— TASK TO COMPLETE —
Wherever pictures appear in the listing below, leave them out, and copy exactly, and only, everything from the line with "Les lignes de" down to the line with "今天記者來到桃源小區(qū)".

— MATERIAL TO PROCESS —
↓↓↓

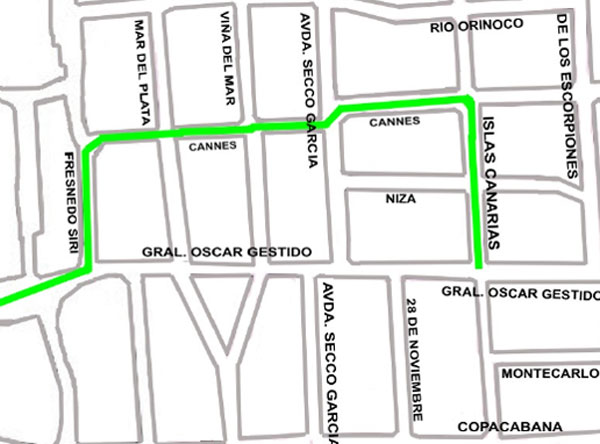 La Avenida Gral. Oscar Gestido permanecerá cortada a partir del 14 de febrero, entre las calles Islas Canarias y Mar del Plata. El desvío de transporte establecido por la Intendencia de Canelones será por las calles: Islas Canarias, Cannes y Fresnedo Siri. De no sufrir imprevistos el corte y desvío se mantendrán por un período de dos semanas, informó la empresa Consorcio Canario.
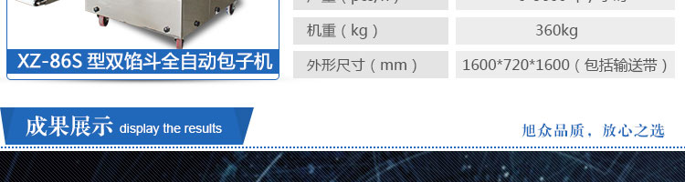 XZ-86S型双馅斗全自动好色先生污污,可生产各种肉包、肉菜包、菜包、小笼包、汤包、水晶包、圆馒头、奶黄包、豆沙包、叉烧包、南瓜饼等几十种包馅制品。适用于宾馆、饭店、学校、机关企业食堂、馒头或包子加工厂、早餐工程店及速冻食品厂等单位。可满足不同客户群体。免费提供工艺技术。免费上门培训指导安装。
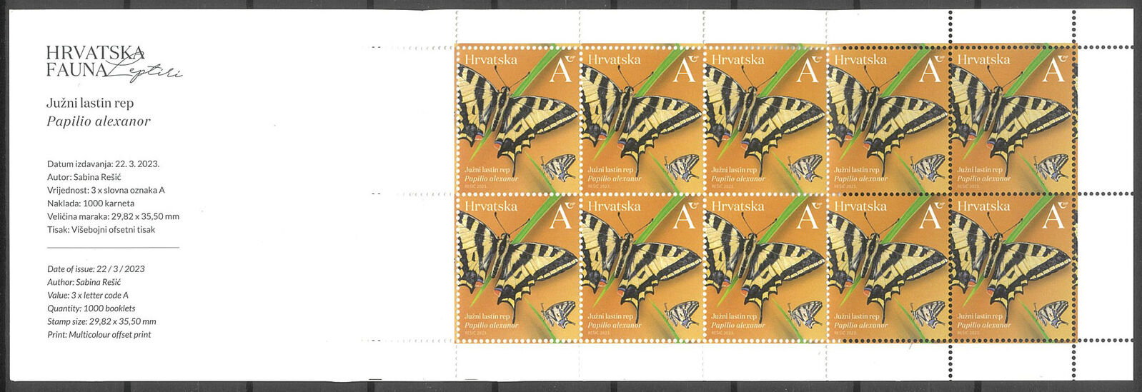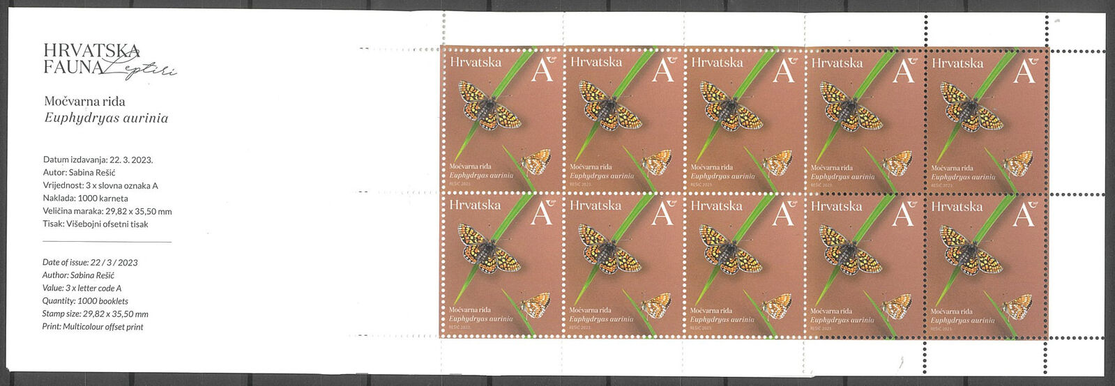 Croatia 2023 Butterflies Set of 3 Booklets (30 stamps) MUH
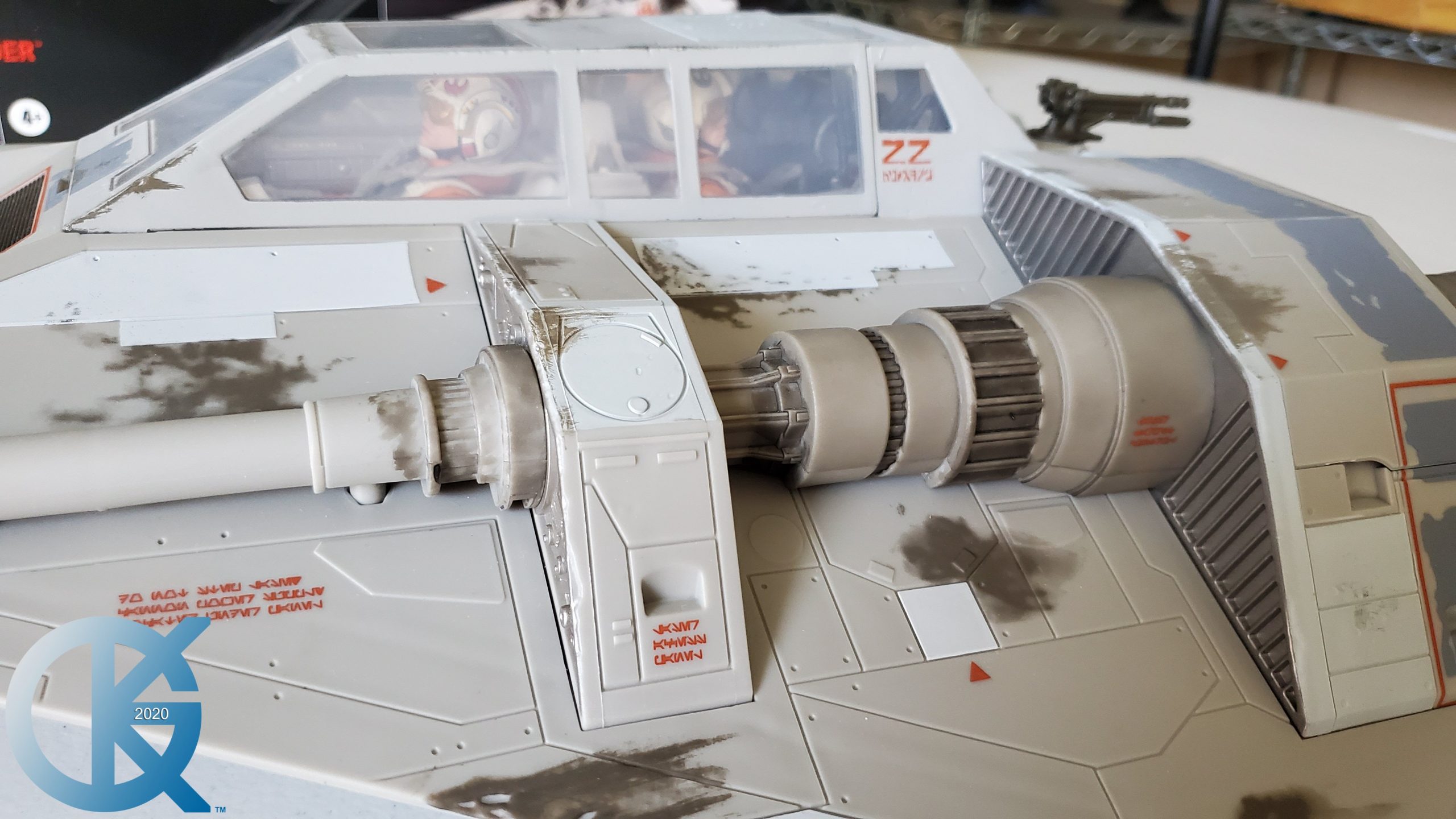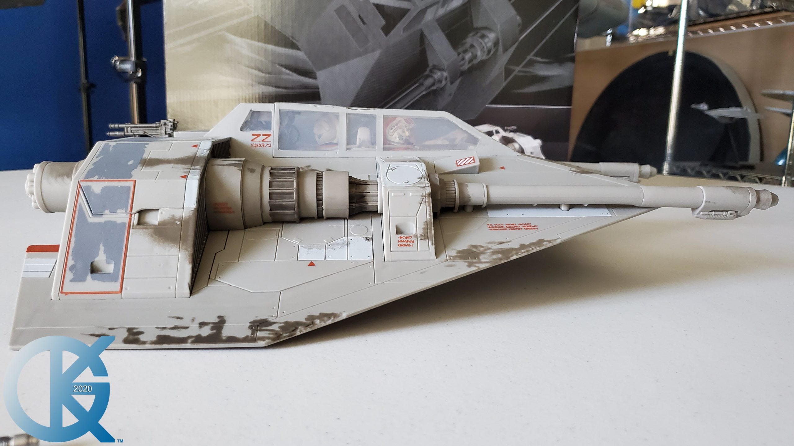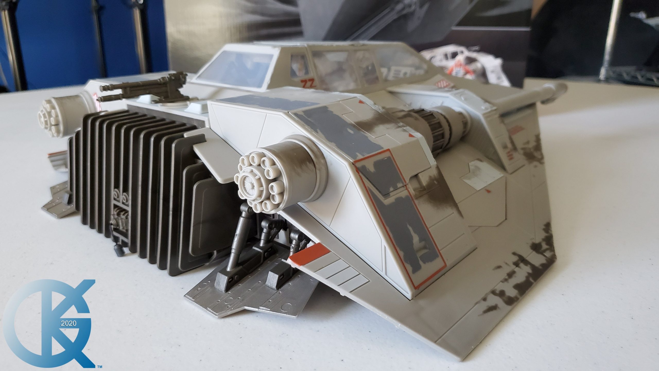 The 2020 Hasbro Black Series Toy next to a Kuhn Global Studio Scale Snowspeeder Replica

↑↑↑
↓↓↓

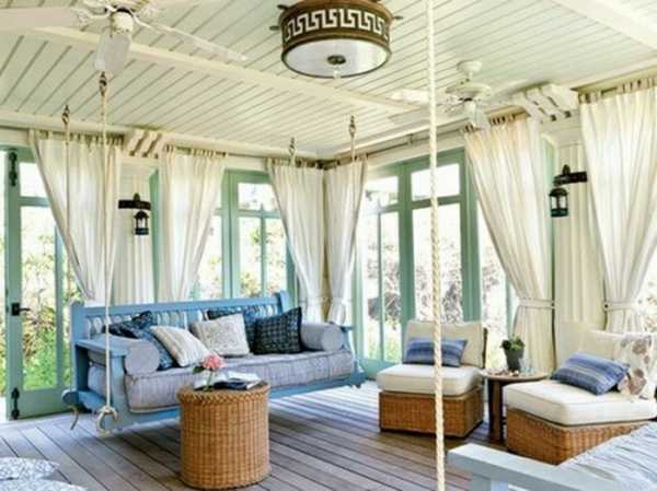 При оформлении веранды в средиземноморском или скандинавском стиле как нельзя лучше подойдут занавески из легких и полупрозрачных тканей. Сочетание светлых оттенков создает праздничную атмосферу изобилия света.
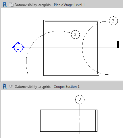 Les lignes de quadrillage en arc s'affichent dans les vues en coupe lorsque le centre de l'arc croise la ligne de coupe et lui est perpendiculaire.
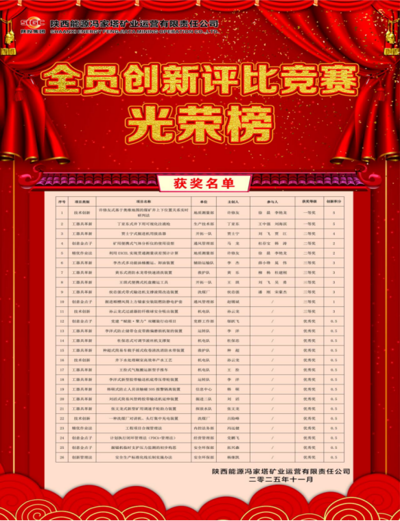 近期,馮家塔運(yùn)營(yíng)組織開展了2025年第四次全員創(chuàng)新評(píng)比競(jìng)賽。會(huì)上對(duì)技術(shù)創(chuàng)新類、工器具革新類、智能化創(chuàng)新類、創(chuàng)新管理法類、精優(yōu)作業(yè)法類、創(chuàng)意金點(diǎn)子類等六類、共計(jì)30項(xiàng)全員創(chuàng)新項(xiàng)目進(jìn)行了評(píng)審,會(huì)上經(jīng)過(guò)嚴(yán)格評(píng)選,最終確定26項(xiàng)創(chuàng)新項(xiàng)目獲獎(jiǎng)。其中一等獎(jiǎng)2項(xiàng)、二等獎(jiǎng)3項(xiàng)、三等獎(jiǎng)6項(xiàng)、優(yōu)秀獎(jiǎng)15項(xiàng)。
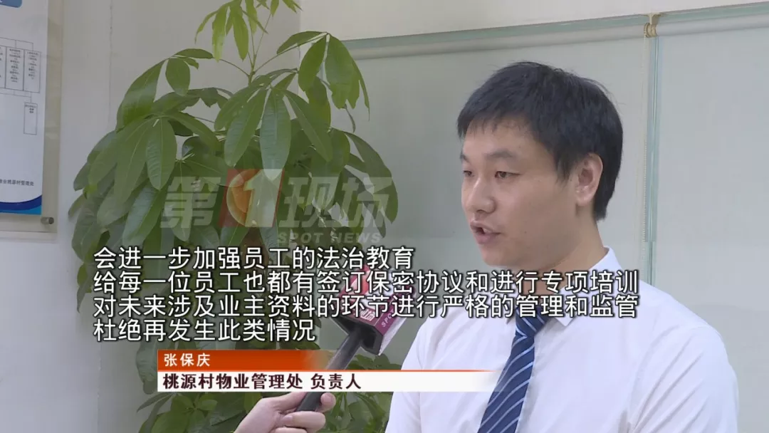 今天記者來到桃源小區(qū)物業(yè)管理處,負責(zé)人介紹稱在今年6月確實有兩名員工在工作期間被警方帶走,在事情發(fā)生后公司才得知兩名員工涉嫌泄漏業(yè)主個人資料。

↑↑↑

— SOLUTION TO THIS TASK —
 Les lignes de quadrillage en arc s'affichent dans les vues en coupe lorsque le centre de l'arc croise la ligne de coupe et lui est perpendiculaire.
 近期,馮家塔運(yùn)營(yíng)組織開展了2025年第四次全員創(chuàng)新評(píng)比競(jìng)賽。會(huì)上對(duì)技術(shù)創(chuàng)新類、工器具革新類、智能化創(chuàng)新類、創(chuàng)新管理法類、精優(yōu)作業(yè)法類、創(chuàng)意金點(diǎn)子類等六類、共計(jì)30項(xiàng)全員創(chuàng)新項(xiàng)目進(jìn)行了評(píng)審,會(huì)上經(jīng)過(guò)嚴(yán)格評(píng)選,最終確定26項(xiàng)創(chuàng)新項(xiàng)目獲獎(jiǎng)。其中一等獎(jiǎng)2項(xiàng)、二等獎(jiǎng)3項(xiàng)、三等獎(jiǎng)6項(xiàng)、優(yōu)秀獎(jiǎng)15項(xiàng)。
 今天記者來到桃源小區(qū)物業(yè)管理處,負責(zé)人介紹稱在今年6月確實有兩名員工在工作期間被警方帶走,在事情發(fā)生后公司才得知兩名員工涉嫌泄漏業(yè)主個人資料。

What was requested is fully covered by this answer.